» **STORED DATA**
>>>>>
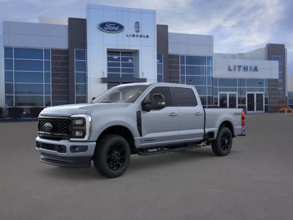 BLACK APPEARANCE PACKAGE front and rear black Ford ovals, box side decal (4x4, FX4 or Tremor) and ebony black fender vent surround dark fender badge, Rear Wheel Well Liners, Black Painted Front Grille Surround, Ebony Black Painted Mirror Caps, Tough Bed Spray-In Bedliner, tailgate-guard, black box bed tie-down hooks and black bed attachment bolts, Body Color Front & Rear Bumpers, Wheels: 20 Ebony Black High Gloss, Black premium painted aluminum, gloss black hub cover/center ornament, Tires: LT275/65Rx20E BSW Automatic Transmission, Spare may not be the same as road tire, 6 Ebony Black Angular Running Boards, LARIAT PREMIUM PACKAGE lane departure warning, Pro Trailer Hitch Assist, Ford Co-Pilot 360 Assist 2.0, rear view camera and reverse brake assist, Pre-Collision Assist, Automatic Emergency Braking (AEB), pedestrian detection, forward collision warning, dynamic brake support and intersection assist, Post-Collision Braking, Lane-Keeping System, lane-keeping alert, lane-keeping aid and driver alert, Front & Rear Parking Sensors, Automatic High Beam, Adaptive Cruise Control w/Stop-and-Go, lane centering and predictive speed assist, Power-Sliding Rear-Window w/Defrost, Pro Trailer Backup Assist, trailer reverse guidance, ELECTRONIC-LOCKING W/3.31 AXLE RATIO, TAILGATE STEP & HANDLE, TRANSMISSION: TORQSHIFT 10-SPEED AUTOMATIC SelectShift and selectable drive modes: normal, eco, slippery roads, tow/haul and off-road. 2026 Ford Super Duty F-250 Pickup with Glacier Gray Metallic Tri-Coat exterior and Black Onyx interior features a 8 Cylinder Engine with 405 HP at 5000 RPM*. Approx. Original Base Sticker Price: $90,100*.
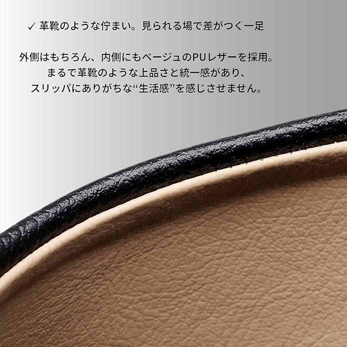 椅子張り地の老舗ブランドのPUレザーを使用したスリッパ。 家庭での使用はもちろん、卒業式入学式授業参観用として使用可能。 革靴のような“しっかり感”の秘密 外側:高級感のあるPUレザー 内側:明るいベージュで上品&清潔感◎ ソール(裏面):こちらもPUレザー仕上げで水拭きOK! 靴底まで美しいから、脱いだ後もだらしなく見えません。 見られる場面でも自信を持って履けるスリッパです。
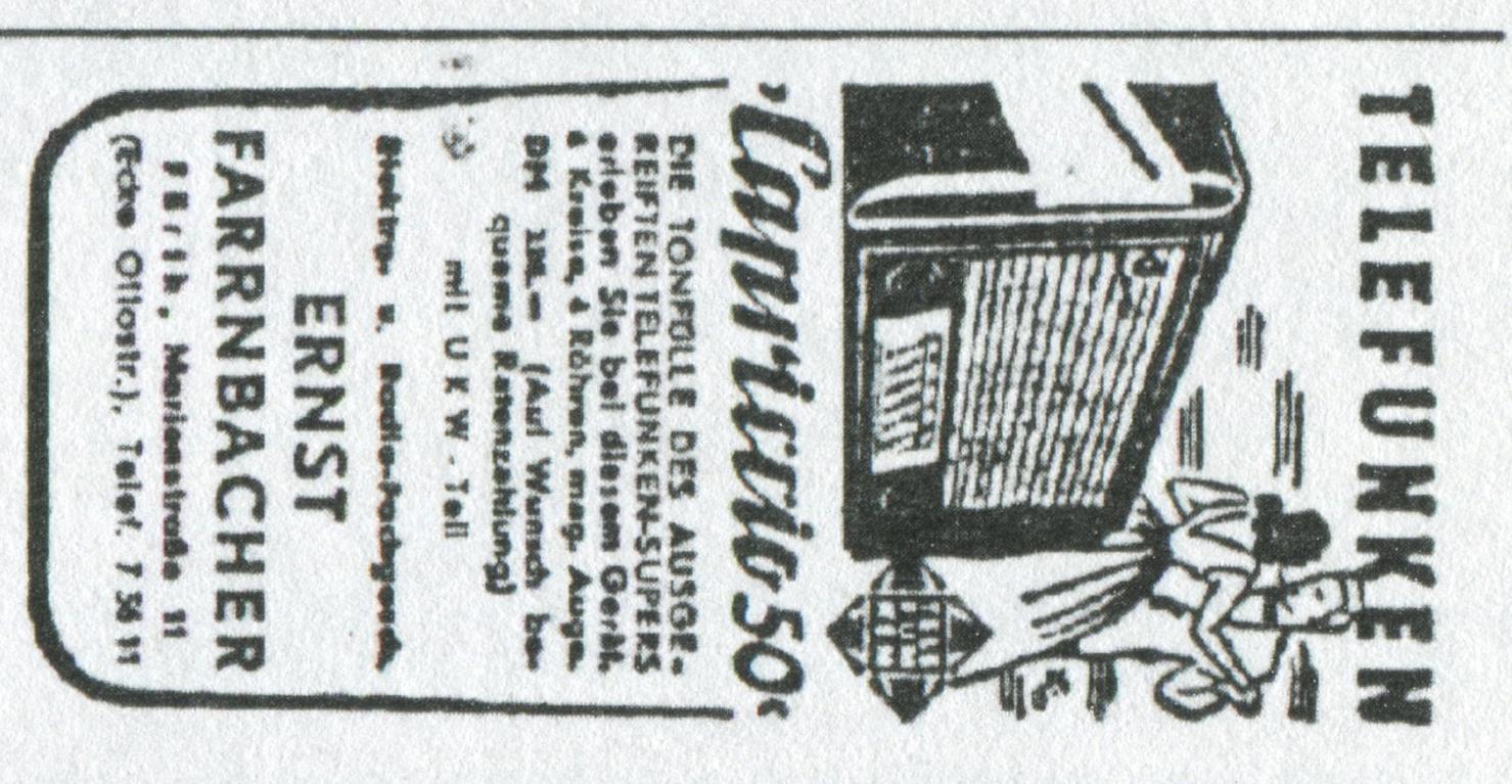 Werbung 1950 vom Radiofachgeschäft Ernst Farrnbacher in der Marienstraße 11, das hier einige Jahre nach dem Krieg bestand
<<<<<
» **ASSIGNED TASK**
The answer should consist solely of the lines from the one containing "外側:高級感のあるPUレザー 内側:明るいベージュで上品&清潔感◎ ソール(裏面):こちらもPUレザー仕上げで水拭きOK!" through the last line of the material, copied exactly, with pictures left out.

» **SOLUTION TO THE EXERCISE**
 椅子張り地の老舗ブランドのPUレザーを使用したスリッパ。 家庭での使用はもちろん、卒業式入学式授業参観用として使用可能。 革靴のような“しっかり感”の秘密 外側:高級感のあるPUレザー 内側:明るいベージュで上品&清潔感◎ ソール(裏面):こちらもPUレザー仕上げで水拭きOK! 靴底まで美しいから、脱いだ後もだらしなく見えません。 見られる場面でも自信を持って履けるスリッパです。
 Werbung 1950 vom Radiofachgeschäft Ernst Farrnbacher in der Marienstraße 11, das hier einige Jahre nach dem Krieg bestand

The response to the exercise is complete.